Deutsche Bank didn’t waste any time getting to work with the hatchet. On Sunday, July 7, it announced 18,000 job losses worldwide, the complete closure of its equities trading division and significant cuts to fixed income and rates businesses. On Monday, July 8, the cuts began. As London and New York slept, blissfully unaware of what was to come, the bank was already sacking entire teams in Sydney and Hong Kong.
The carnage continued throughout the day. In London, people arrived at work only to be handed documents formally notifying them that they are “at risk” of redundancy and sent home. A stream of workers left Deutsche Bank’s London office carrying bags and boxes containing personal effects from their desks. Others headed for the pub to drown their sorrows. Some were tearful, others shocked and confused. Some workers didn’t bother to turn up for work at all, correctly concluding that there was little point after hearing the announcement the previous day.
In New York, staff were summoned to meetings in which they were dismissed en masse. By mid-morning, according to Business Insider, there was a constant stream of people leaving the office.

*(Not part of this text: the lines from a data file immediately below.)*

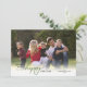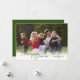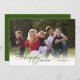 Esta tarjeta fotográfica de Año Nuevo ofrece una foto horizontal que llena la parte delantera de la tarjeta. El mensaje "Deseándote un feliz año nuevo" aparece en negro y verde resaltando la palabra "feliz" en un guión elegante. La parte trasera de la tarjeta es verde. Fotografía © Storytree Studios, Stanford, CA
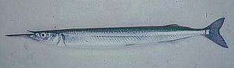 サヨリ科 地方名:サイヨリ(福井・越前)、サシ・サス・サユリ(越廼)、ナカッポ(越前)、スズコ(河野)、コヨリ(敦賀)、ミスサイラ・ミスサエラ(嶺南)、サエラ・スジ(小浜)、スズ(和田) 体は細長く、背部は青緑色。側面から腹部は銀白色。下顎は上顎より著しく長く、その先端部は赤または橙色。全長40p位になる。沿岸の表層に生息するが、時に河口や湖沼にも侵入する。釣りの対象魚として親しまれる他、本県では主として船曳網で漁獲され、漁期は4〜5月。産卵期は春から初夏。下顎をスプーンのように使って動物プランクトンを、時に小型昆虫類も捕食する。美味な魚で、天ぷら、酢の物、椀種、干物の他、すし種、刺身(糸作り)等にして利用される。 |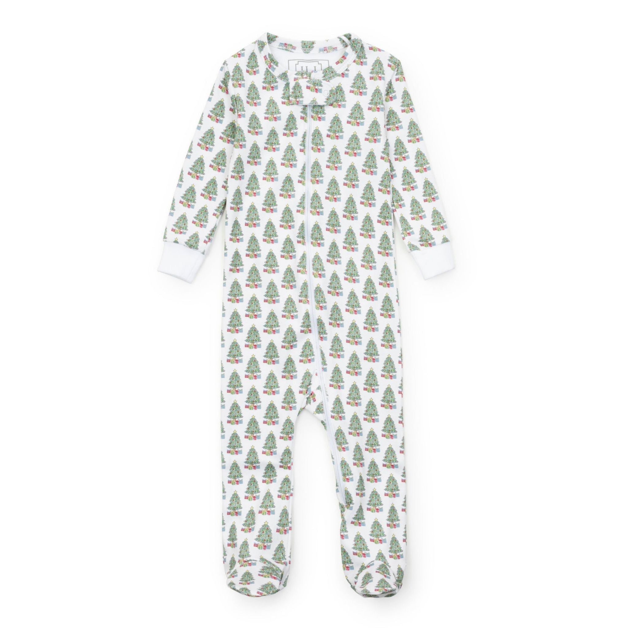 Cozy up your little one in our Parker Zipper Footie! Made with super-soft Peruvian Pima Cotton knit fabric, this footie will keep them snug all day long. The easy zipper closure makes dressing a breeze, and the festive Christmas tree print adds a touch of fun to the holiday season. Matching sibling options are also available!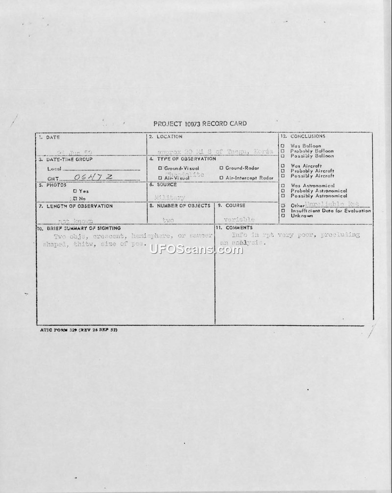 Project 10073 Record Card and UFO Report — Taegu, Korea, 25 June 1959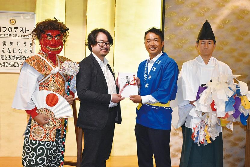 周南市の徳山ロータリークラブ(橋野成正会長、45人)は11日、和田の三作神楽保存会(佐藤貴志会長)に神楽の衣装3着を贈った。この日、遠石会館で開いた例会の席上...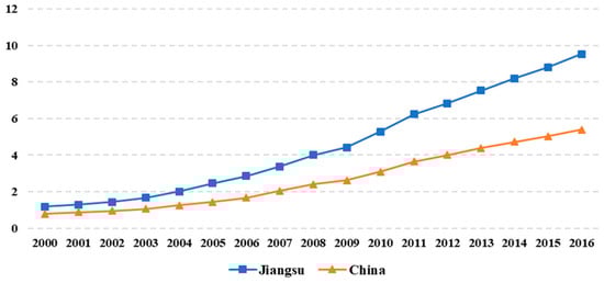 The second reason is that economic development is at the forefront. Exploring the path of development is the consistent requirement of the Central Committee for Jiangsu province []. Figure 3 illustrates the difference between the per capita GDP values of Jiangsu and China from 2000 to 2016. As can be seen, the per capita GDP of Jiangsu is always higher than those of the whole country, and the gap has an increasing trend, which indicates that Jiangsu can seize the opportunity for development and continuously improve people’s living standards. The experience of Jiangsu can be used for reference in other provinces, and even across the whole country.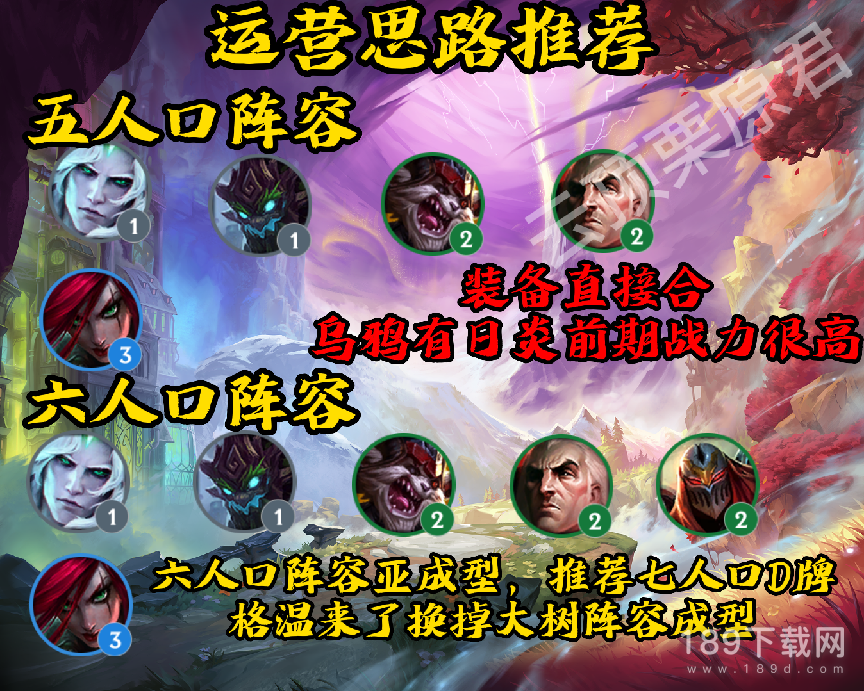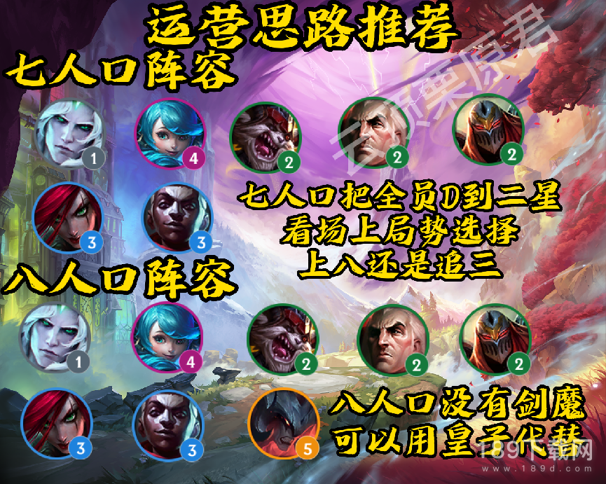 前期不拉人口,用大树和佛耶戈过渡,建议连败开局拿装备或者铲子,中期这个阵容只要全员二星就有很强的战力,只要留体系内的棋子即可,打完狼哥上7开始D牌,卡特,劫,克烈任意一个三星直接上八找出剑魔,没有的话可以用皇子代替,都没有用天使也可以。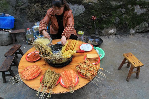 陈年道菜:陈年道菜系贵州省镇远县特产,深褐色,香味奇特,在腌菜中,别具一格。相传为镇远青龙洞中的道士所创,故称“道菜”,由于此菜储藏愈久,品质愈佳,味道愈美,因而又称“陈年道菜”。镇远劳动人民,每逢春季春菜旺盛时,有腌制长盐菜、干盐菜、寸寸盐菜的习惯,镇远古镇美食、镇远地方特色风味菜陈年道菜就是在这个基础上发展演进而来。镇远是贵州东部的水陆码头和交通要道,又是许多商品的集散地。随着客商往来,陈年道菜的美名也享誉四方,到了清代,曾为进奉皇室的贡品。
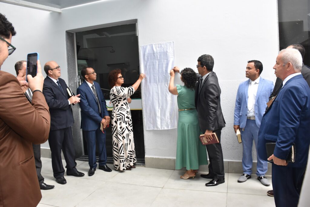 Após a oração conduzida pelo 2º secretário, Pr. Werleykrey de Souza, a solenidade prosseguiu com o descerramento da placa comemorativa.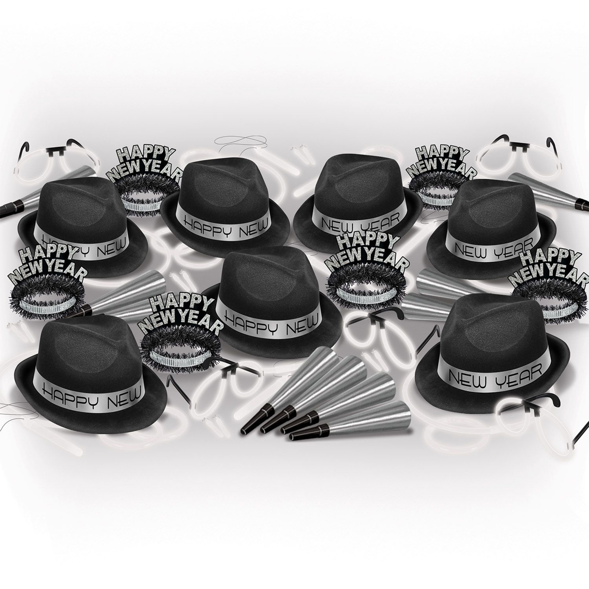Beistle Partybox Silvester "Glow Silber" Schwarz/Silber 50 Personen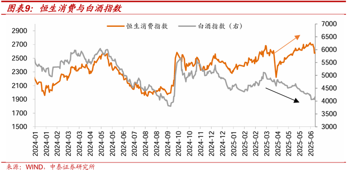 第二我们也可以观察剔除白酒后的消费指数。白酒本质上也是消费中的“旧经济”,而以恒生消费为代表的不含白酒的消费指数今年以来也表现更为优异,关税冲击之后,4/8-6/11恒生消费指数涨幅22.55%。
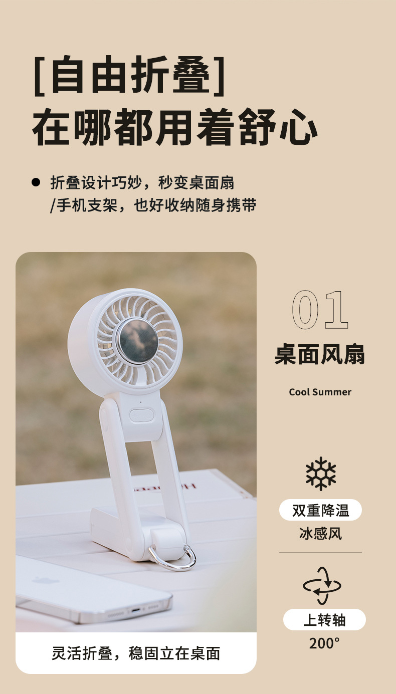 2025户外冰敷手持小风扇半导体制冷高速百变折叠USB小风扇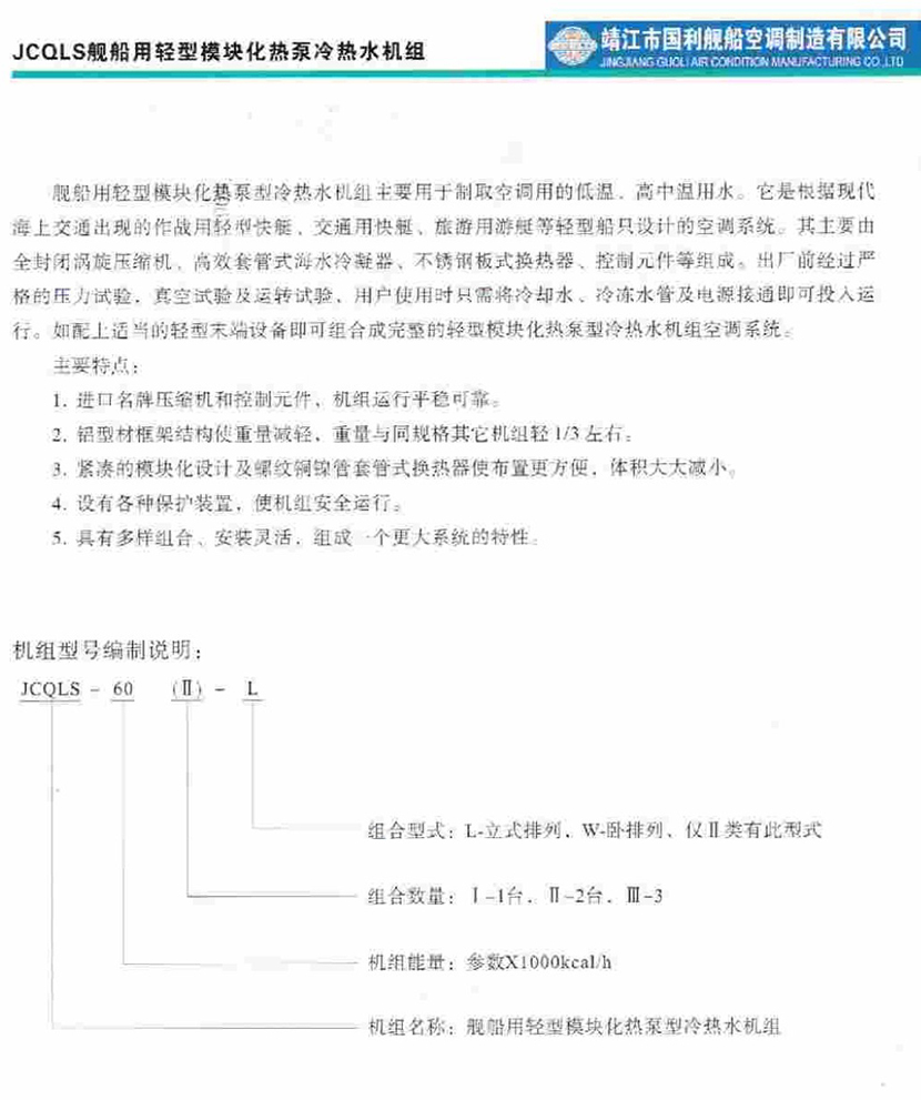 | 艦船用輕型模塊化熱泵冷熱水機(jī)組 | |||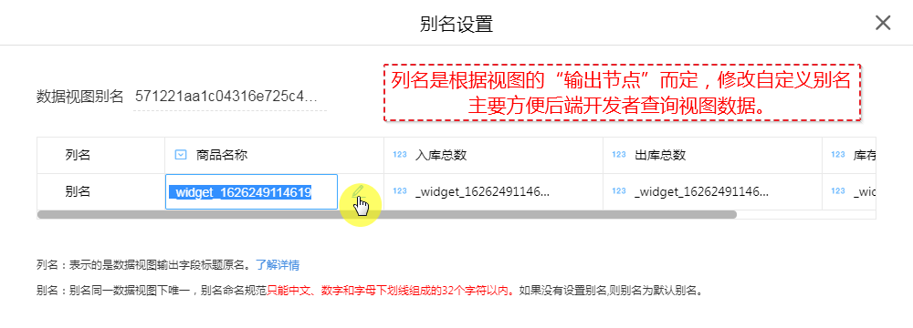 - 可修改自定义别名,别名主要作用是方便后端开发者根据别名查询视图数据。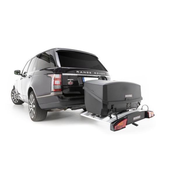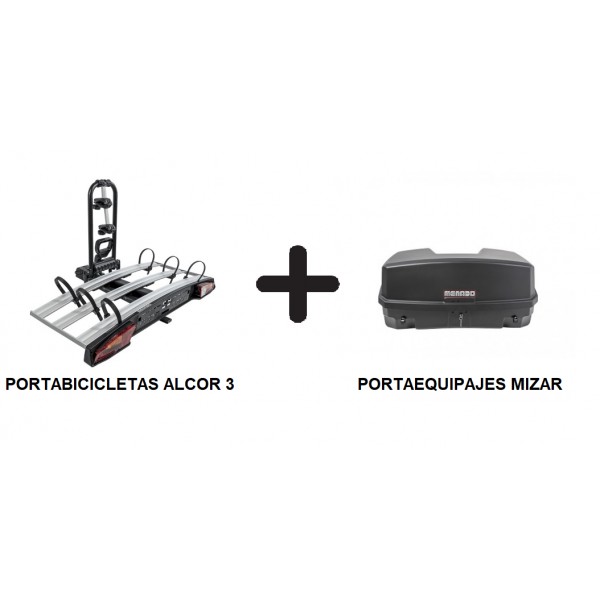 Características generales portabicicletas: Válido para 3 bicicletas.Válido para 2 Ebikes / Fatbikes máximo.Acople rápido a bola de remolque de su vehículo..Fabricado en acero y carriles de aluminio.Llave antirrobo a la bola.Abatible.45º.Homologación TÜV GS Características generales portaequipajes:Cofre portaequipajes MIZARCapacidad: 300 litros.Color: Negro.Medidas: L x W x H = 2090x790x366mm Cierre antirrobo. Sistema de fijación mediante abrazaderas al portabicicletas, pomo antirrobo con sistema de cierre de seguridad (solo se permite retirar la llave si está completamente cerrado).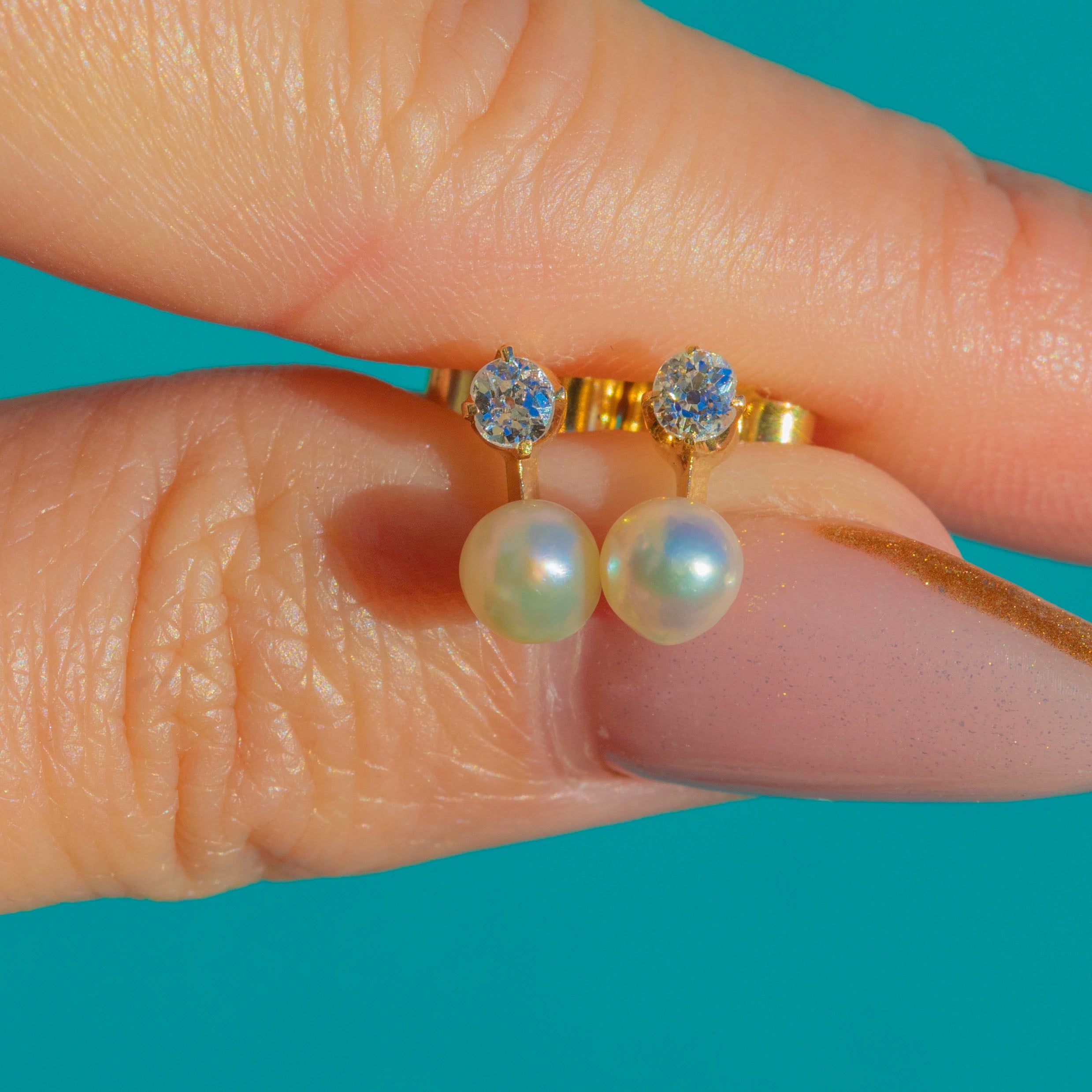 VERY GOOD: Pearls are lustrous with only light surface wear visible under close inspection. Diamonds are securely set and bright, with no obvious chips or damage. Gold settings and posts show minor surface wear in keeping with age but no repairs or issues affecting wear, and the studs present beautifully when worn.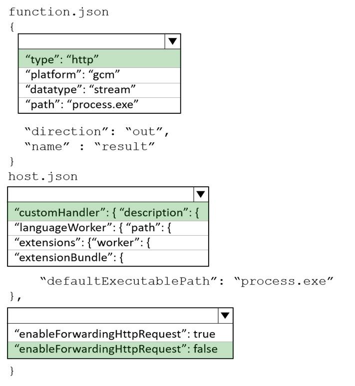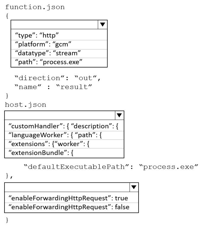 How should you complete the json files? To answer, select the appropriate options in the answer area.

The outlook for many of the terminated staff is grim, particularly in the U.K. where Brexit uncertainty is casting a considerable shadow. Not that anyone outside the finance industry cares, much. The British haven’t forgotten the financial crisis of 2008. The business that Deutsche Bank is closing down is bigger than Nissan’s automobile manufacturing plant in Sunderland, the uncertain future of which has hit headlines and led to questions in the U.K. Parliament. But no-one is going to lose any sleep over unemployed investment bankers – even if there are more of them than there are workers at the Sunderland plant. The silence from British politicians about the prospect of up to 8,000 British workers losing their jobs is deafening.
But the woes of terminated staff don’t concern Deutsche Bank’s Chief Executive, Christian Sewing. He has a bank to rescue, and investors to placate. His letter to staff had a distinctly ruthless tone:
I am very much aware that in rebuilding our bank, we are making deep cuts. I personally greatly regret the impact this will have on some of you. In the long-term interests of our bank, however, we have no choice other than to approach this transformation decisively.
“I weep for you, I really do…” while dishing out the redundancy notices. Sewing has all the personnel skills of a crocodile.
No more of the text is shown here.